■ Problem to work on
The whole listing, except its pictures, is to be repeated exactly.

■ Dataset extract
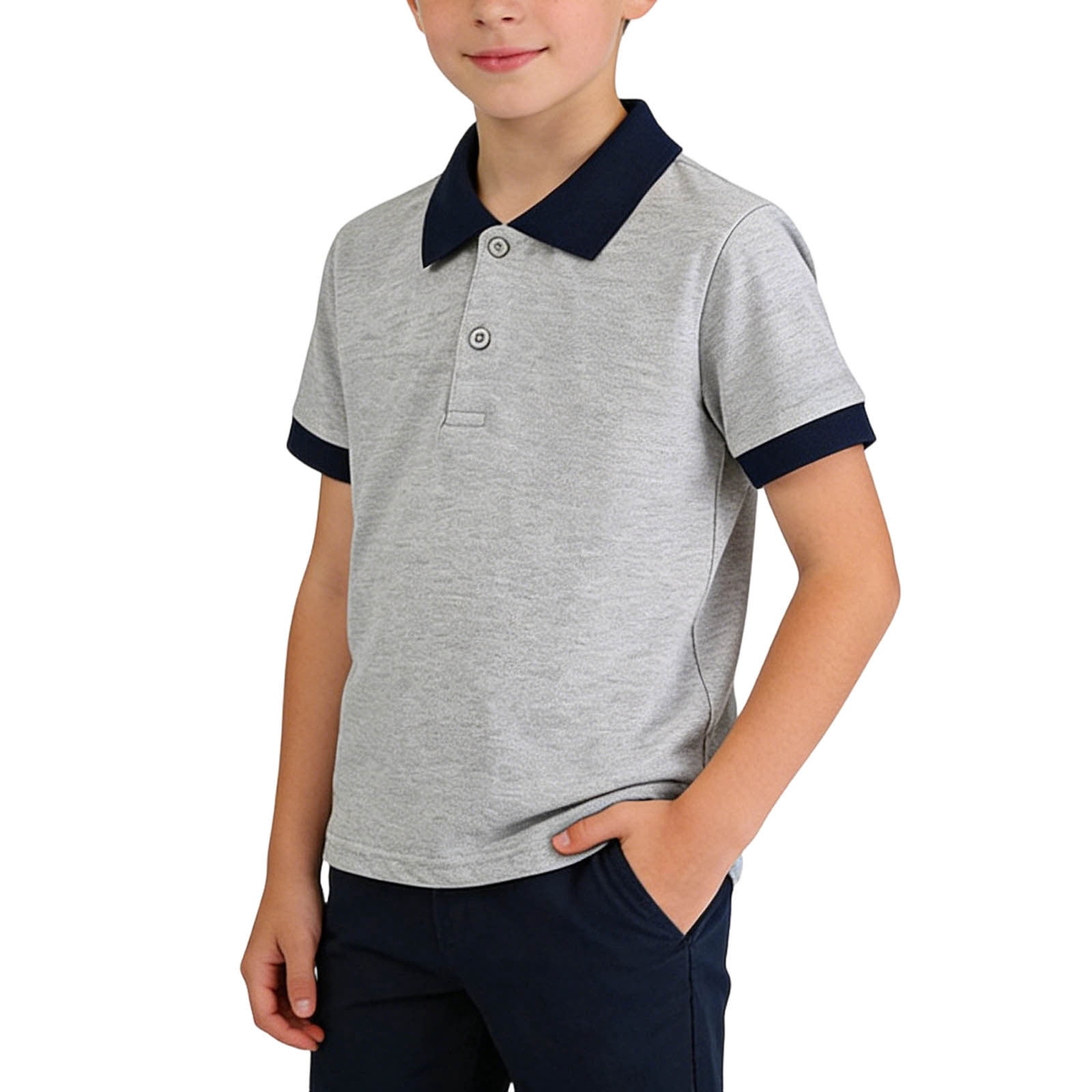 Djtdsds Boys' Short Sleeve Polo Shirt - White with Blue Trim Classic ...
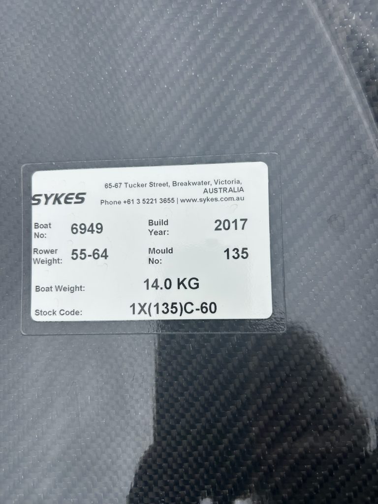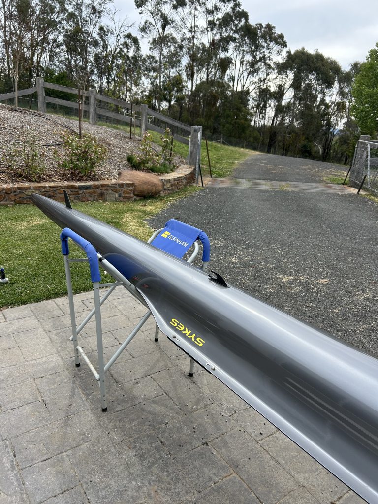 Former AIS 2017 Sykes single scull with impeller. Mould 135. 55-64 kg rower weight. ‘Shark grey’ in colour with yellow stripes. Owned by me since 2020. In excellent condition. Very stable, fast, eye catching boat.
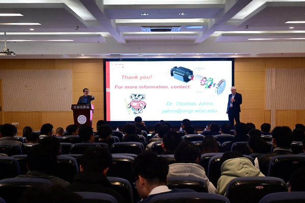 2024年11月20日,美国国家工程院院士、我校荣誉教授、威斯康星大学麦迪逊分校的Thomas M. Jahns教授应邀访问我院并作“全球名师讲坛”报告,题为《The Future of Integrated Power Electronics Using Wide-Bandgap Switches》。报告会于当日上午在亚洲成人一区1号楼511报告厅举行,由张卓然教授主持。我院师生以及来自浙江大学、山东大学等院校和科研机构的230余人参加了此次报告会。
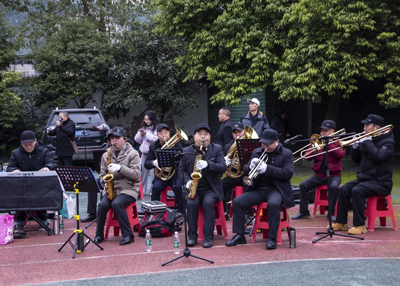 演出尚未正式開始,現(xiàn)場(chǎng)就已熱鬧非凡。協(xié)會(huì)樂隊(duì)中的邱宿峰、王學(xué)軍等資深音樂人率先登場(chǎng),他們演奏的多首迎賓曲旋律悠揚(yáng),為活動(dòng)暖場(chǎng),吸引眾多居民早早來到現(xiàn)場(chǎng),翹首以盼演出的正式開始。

■ Answer section
 Djtdsds Boys' Short Sleeve Polo Shirt - White with Blue Trim Classic ...
 Former AIS 2017 Sykes single scull with impeller. Mould 135. 55-64 kg rower weight. ‘Shark grey’ in colour with yellow stripes. Owned by me since 2020. In excellent condition. Very stable, fast, eye catching boat.
 2024年11月20日,美国国家工程院院士、我校荣誉教授、威斯康星大学麦迪逊分校的Thomas M. Jahns教授应邀访问我院并作“全球名师讲坛”报告,题为《The Future of Integrated Power Electronics Using Wide-Bandgap Switches》。报告会于当日上午在亚洲成人一区1号楼511报告厅举行,由张卓然教授主持。我院师生以及来自浙江大学、山东大学等院校和科研机构的230余人参加了此次报告会。
 演出尚未正式開始,現(xiàn)場(chǎng)就已熱鬧非凡。協(xié)會(huì)樂隊(duì)中的邱宿峰、王學(xué)軍等資深音樂人率先登場(chǎng),他們演奏的多首迎賓曲旋律悠揚(yáng),為活動(dòng)暖場(chǎng),吸引眾多居民早早來到現(xiàn)場(chǎng),翹首以盼演出的正式開始。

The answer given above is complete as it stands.